** Opening MATERIAL PROVIDED block **

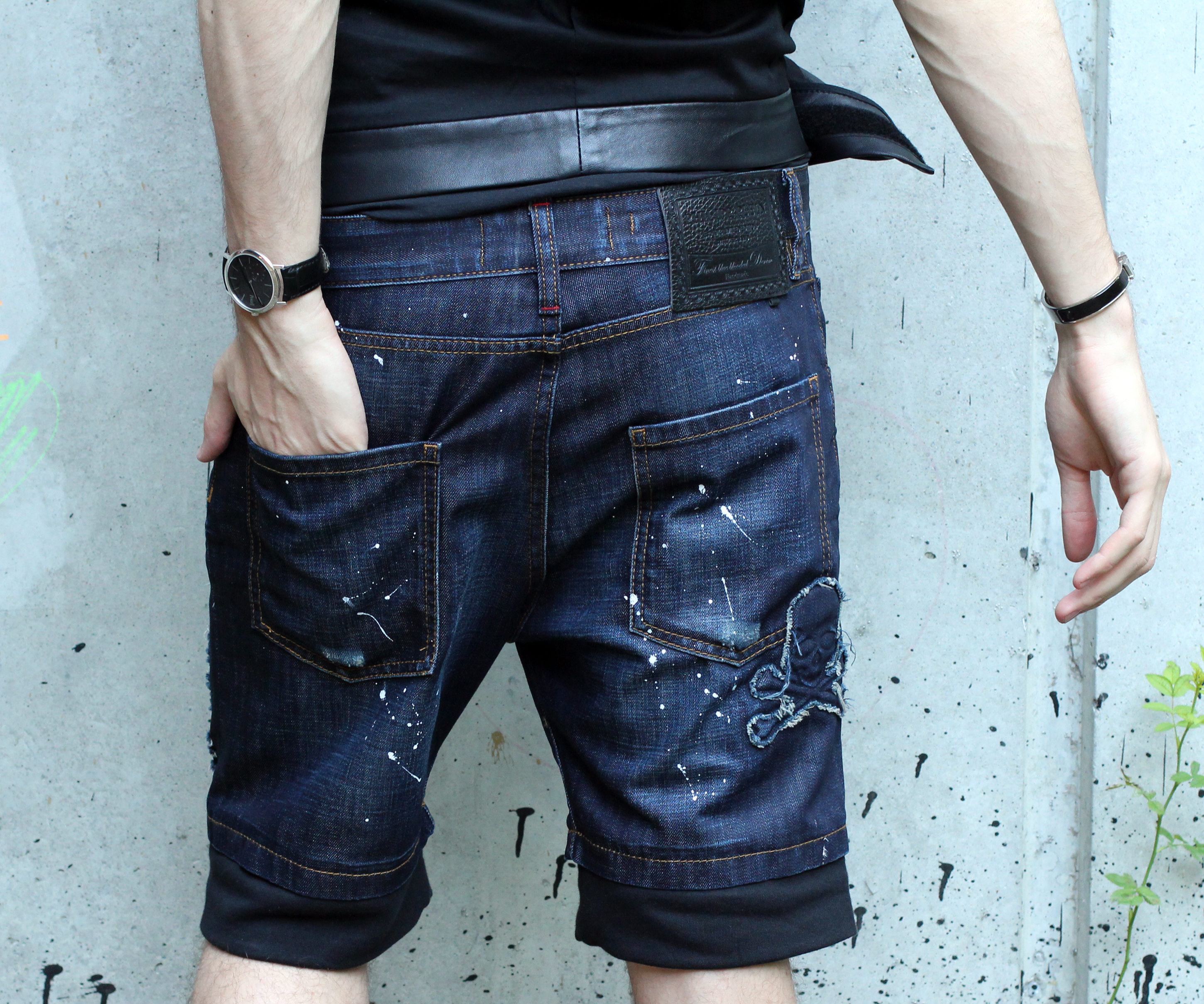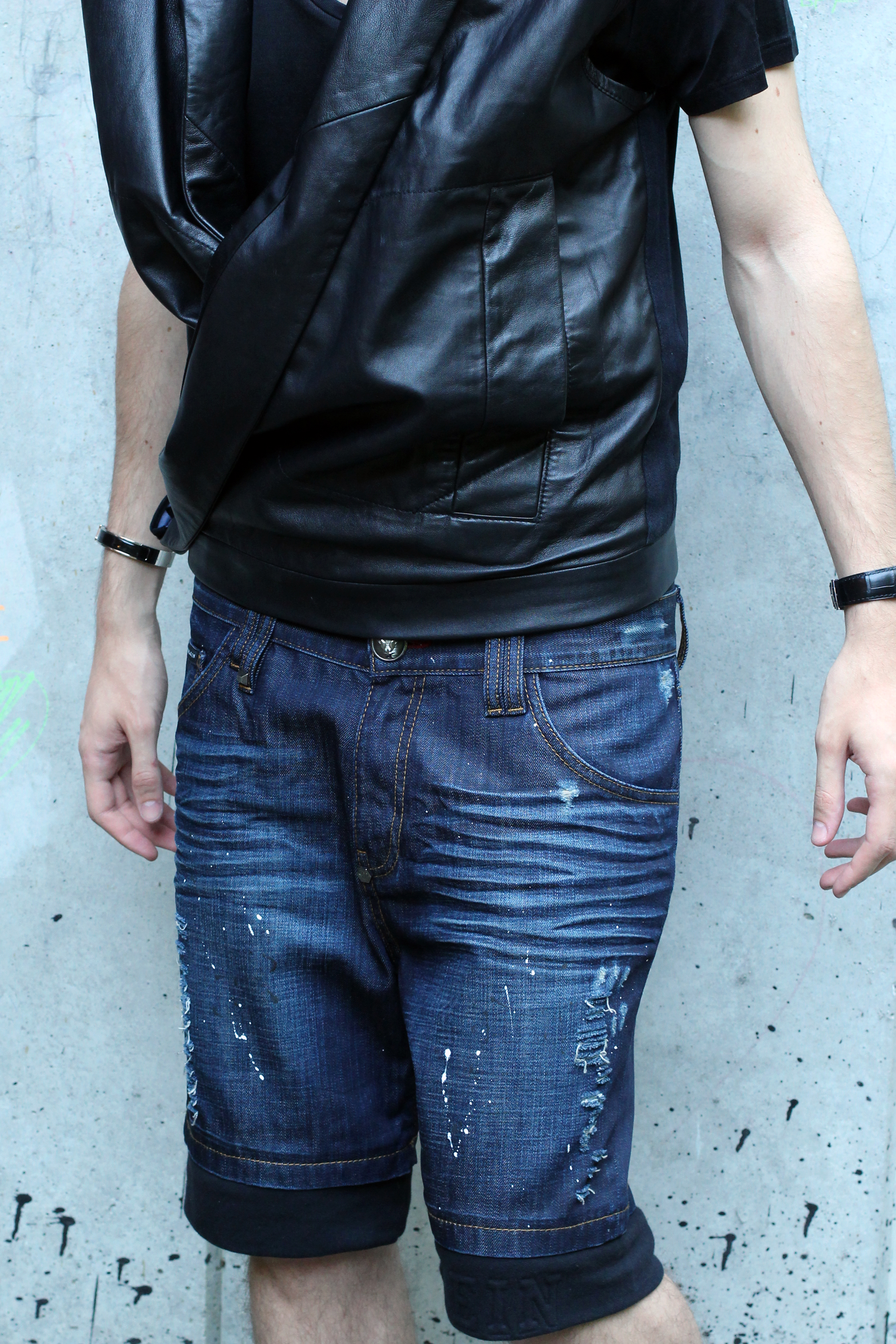 I fell in love with these destroyed denim shorts by Philipp Plein (find another model here) . They’re really fun, mixing denim and sweatpants fabrics, and a lot of work has been done on it to give this “destroyed” and painted on aspect.
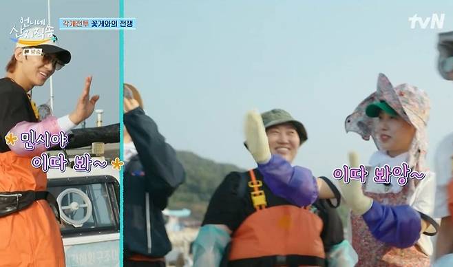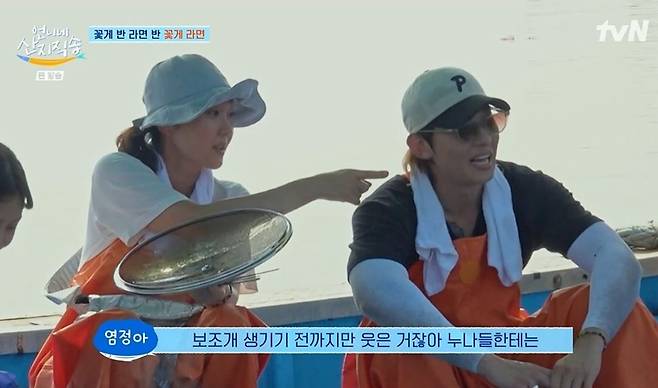 염정아는 꽃게 작업까지 능숙하게 해 눈길을 끌었다. 꽃게가 무섭지 않다던 고민시는 "눈 마주쳤다"라며 바닷일에 서툰 모습을 보였다. 염정아는 실수를 하는 고민시를 도와주었고, 다시금 찬찬히 알려주었다. 염정아 선글라스를 통해 자신의 모습을 확인한 고민시는 "이런 노동은 처음이라"라고 말했다.
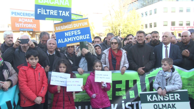 Bursa’da Kestel Çevre Platformu kent merkezinde basın açıklaması gerçekleştirdi. İlçedeki fabrika bacaları sebebiyle kirli hava soluduklarını söyleyen vatandaşlar ayrıca, KOAH, amfizem, akciğer kanseri gibi hastalıkların ilçede yaygın görülmeye başladığını belirtti.
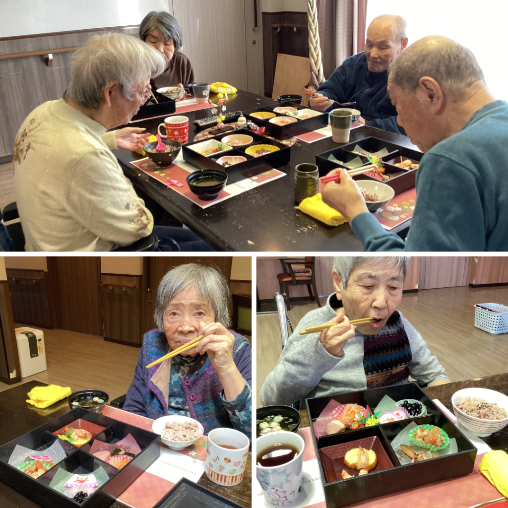 お正月には、皆様でおせち料理をいただきました。「ごちそうだね」「おいしそう」といった声が聞かれ笑顔あふれる時間となりました。
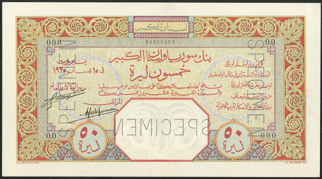 Banque de Syrie et du Grand-Liban, Lebanon, specimen 50 livres, 15 April 1925, zero serial numbers, red and multicoloured, ornate background detail, Forges and Laferriere signatures, reverse blue, red and multicoloured, courtyard and houses at centre, blue GRAND-LIBAN top centre
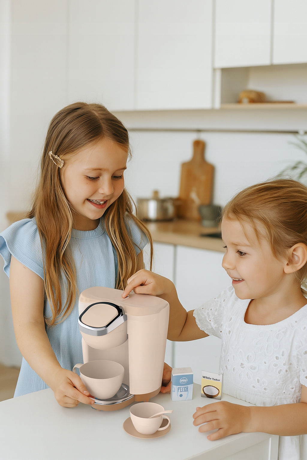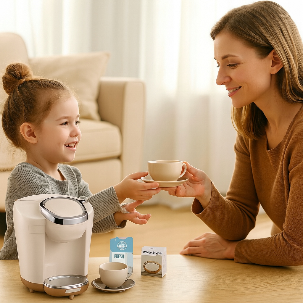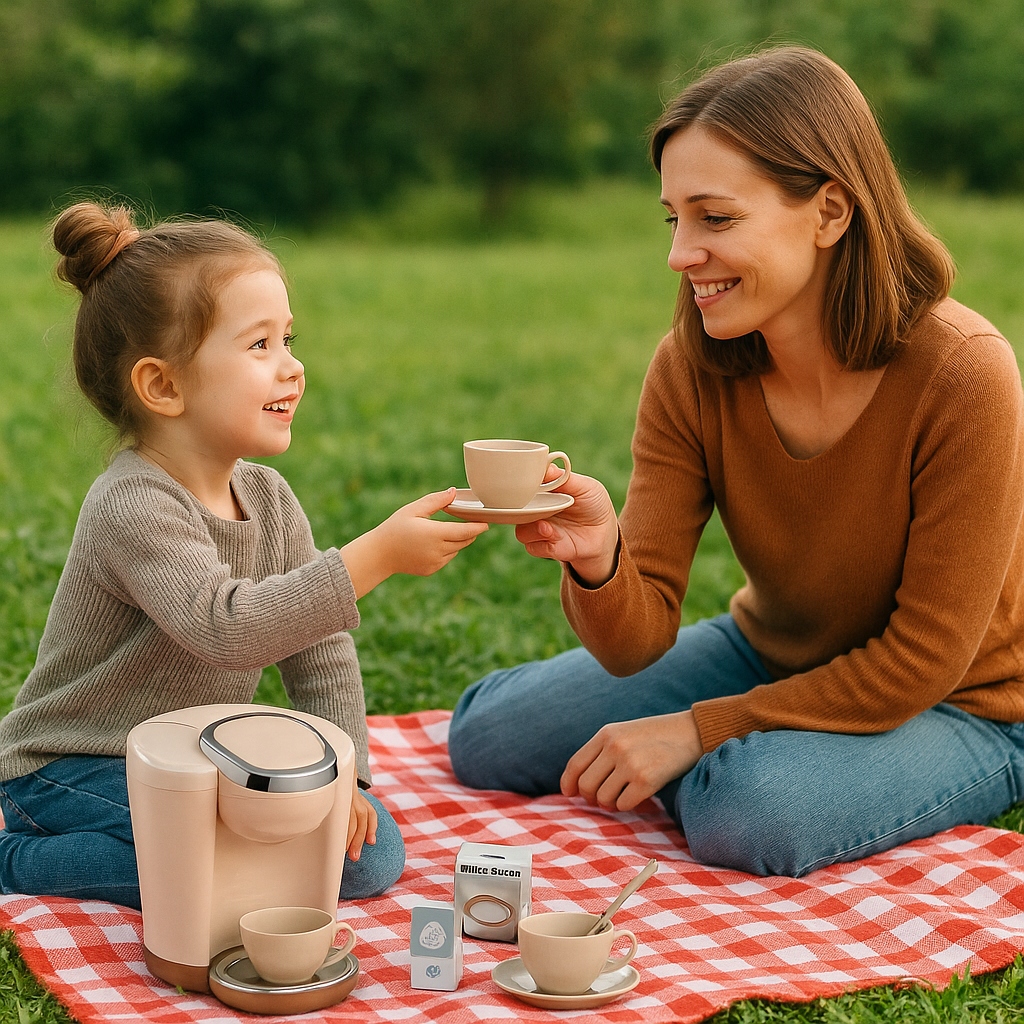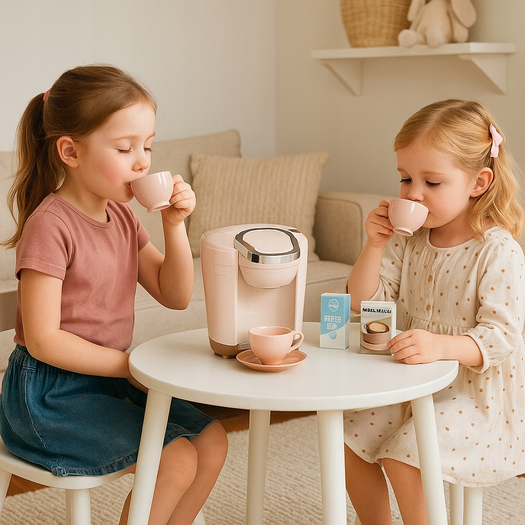 Zabawkowy ekspres do kawy sprawdzi się podczas zabawy w dom, kawiarnię, biuro czy na przyjęciu wyprawionym dla misiów i lali. Dzieci uwielbiają obserwować dorosłych a później naśladować ich podczas zabawy.
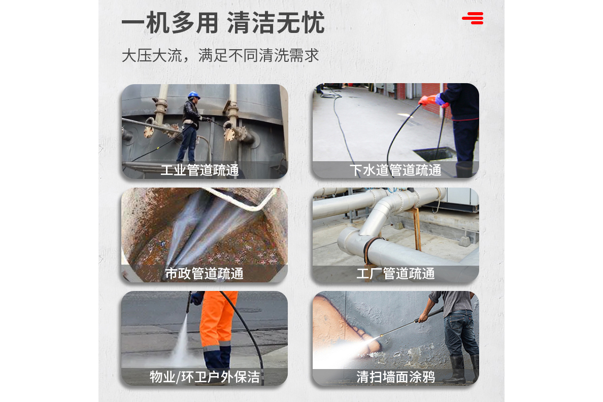 加特林出品的GAT20G戶外引擎疏通機,廣泛應(yīng)用于快速清洗大面積的污垢或者需要深入狹小管道的清洗,對于大面積清洗和狹小管道清洗這樣看似矛盾的應(yīng)用,GAT20G絲毫無錯位之感,其每分鐘41L的超大流量,使其應(yīng)付自如。在輪船的船身及管道清洗方面更顯其神威,也許叫管道清洗機更顯他的特質(zhì)
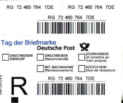 Philatelistisches Souvenir / „R" - Aufkleber der Deutschen Bundespost / mit Zusatzstempel (blau): "Tag der Briefmarke" sh. Abbildung nicht gelaufen Maße ca: 74 x 64 mm
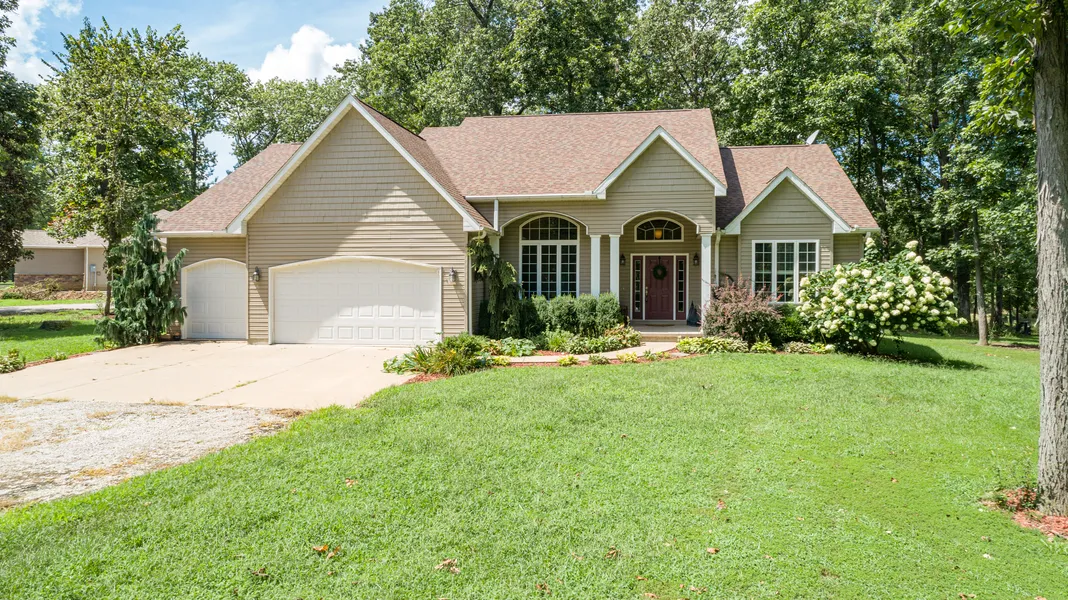 KEEP SHOWING! PREPARE TO BE "WOWED", as you step into the front foyer of this spacious, open concept home, located at Day Spring Estates subdivision. The main level features hand carved teak floors & a view of the shared, stocked, 5 acre pond. In the kitchen you will find granite countertops, tile backsplash, soft close drawers, double oven & stainless steel appliances. Master bedroom with tray ceiling and en suite has dual sink custom vanity, jetted tub, separate shower, & walk-in closet. On the other side of the main level are the two additional bedrooms with their own sinks & shared Jack & Jill bathroom. There's also a main level laundry room, half bath & 3 car attached garage. On the lower level of the home is an entertainment space with a bar, 4th bedroom, full bathroom, den/office, 3 storage areas & playroom. Outside you can relax on the back deck, or enjoy time at the water's edge firepit. Located just north of Lake Lou Yeager, this beautiful property is waiting for you to make it your own!
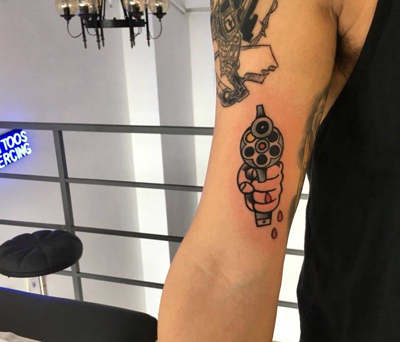当前位置: 首页 >浙江省杭州市纹身店-蜉蝣刺青工作室纹身图案>手枪纹身图片_成品手臂欧美静物school纹身图案
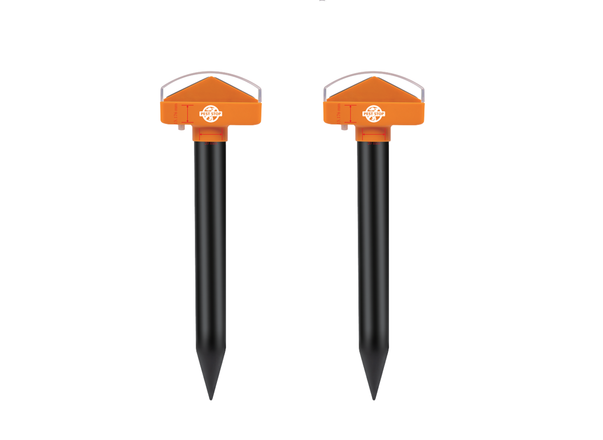 Dispozitivul Aparat sonic și solar pentru alungat cârtițe (SET 2 bucăți) – PEST STOP (PS-114B) oferă posibilitatea de a alunga cârtițe și alte vizuitoare fără a folosi otrava, activându-se după plasarea în sol. Pulsurile sonice se vor transmite prin pământ, obligând rozătoarele să părăsească zona.
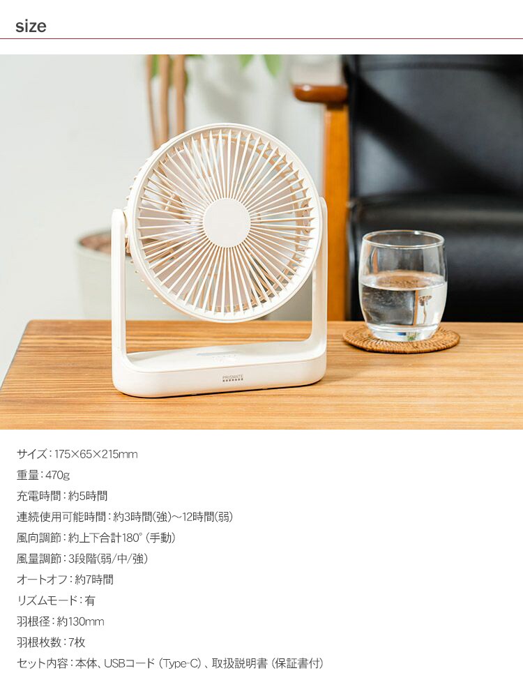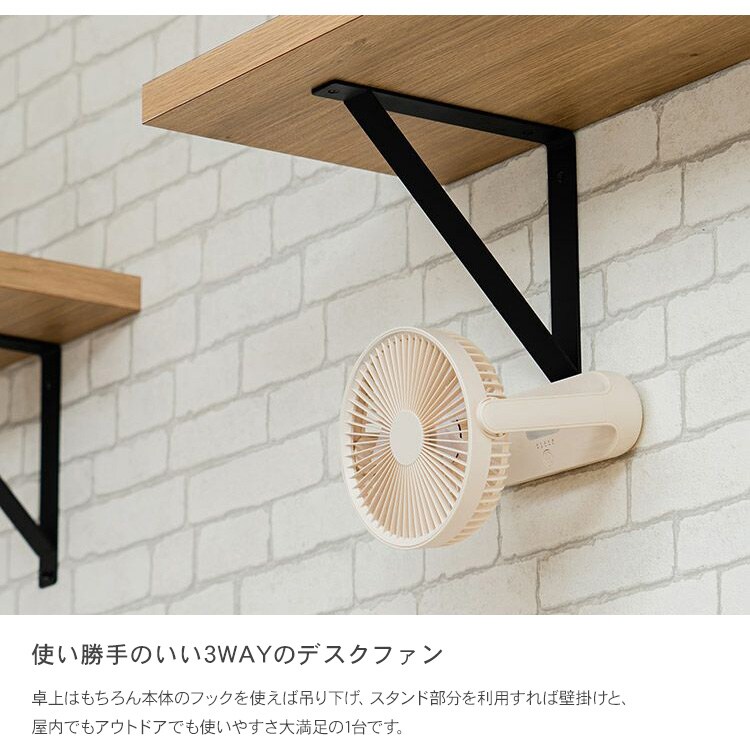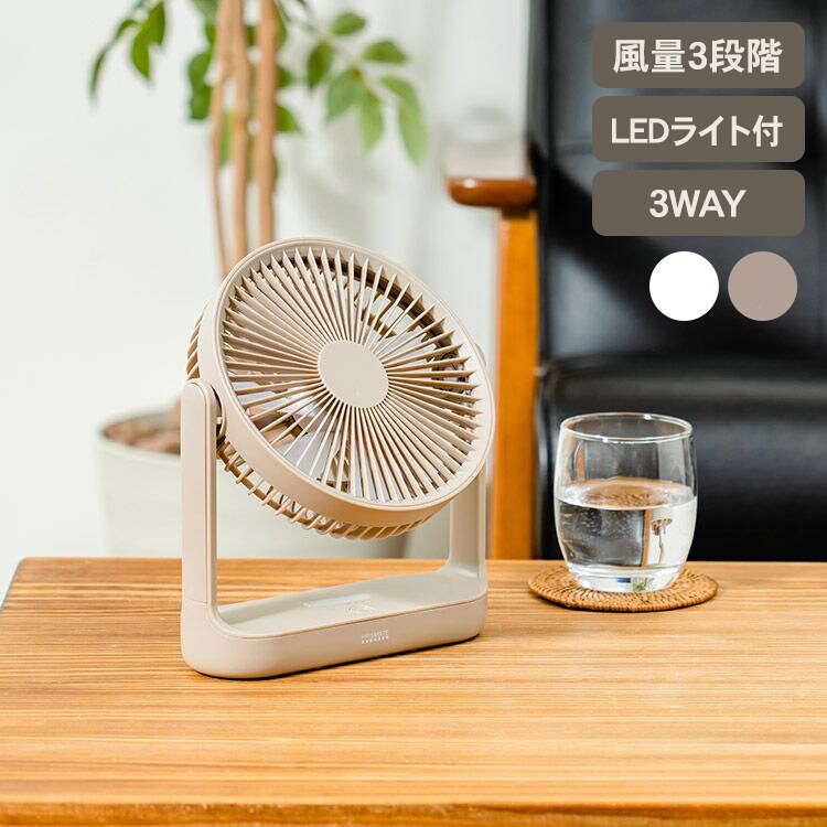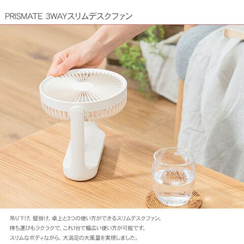 PRISMATE プリズメイト コードレス 3WAYスリムデスクファン オフホワイト 扇風機 空調機 風量調節 省エネ 充電式 持ち運び可能 風量調節 LEDライト アウトドア キャンプ
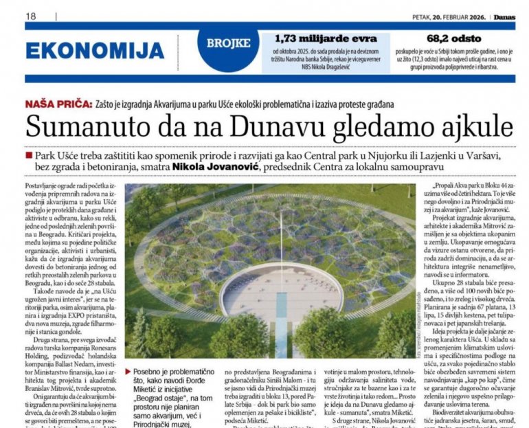 NAKON novog nasilja blokadera, kada su upali na gradilište na Ušću u Beogradu, protestujući zbog izgradnje akvarijuma, počelo je i pokrivanje od strane blokaderskih medija, koji opravdavaju rušenje ograde i nasrtaje na policiju - ekološkom problematikom. Posebno je problematična, kako kažu, izgradnja Prirodnjačkog muzeja?!

** Closing MATERIAL PROVIDED block **

=== EXERCISE PROMPT ===
The range to copy runs from the line with "PRISMATE プリズメイト コードレス" to the last line of the entries, both included; copy it exactly and leave out the pictures.

=== EXPECTED ANSWER ===
 PRISMATE プリズメイト コードレス 3WAYスリムデスクファン オフホワイト 扇風機 空調機 風量調節 省エネ 充電式 持ち運び可能 風量調節 LEDライト アウトドア キャンプ
 NAKON novog nasilja blokadera, kada su upali na gradilište na Ušću u Beogradu, protestujući zbog izgradnje akvarijuma, počelo je i pokrivanje od strane blokaderskih medija, koji opravdavaju rušenje ograde i nasrtaje na policiju - ekološkom problematikom. Posebno je problematična, kako kažu, izgradnja Prirodnjačkog muzeja?!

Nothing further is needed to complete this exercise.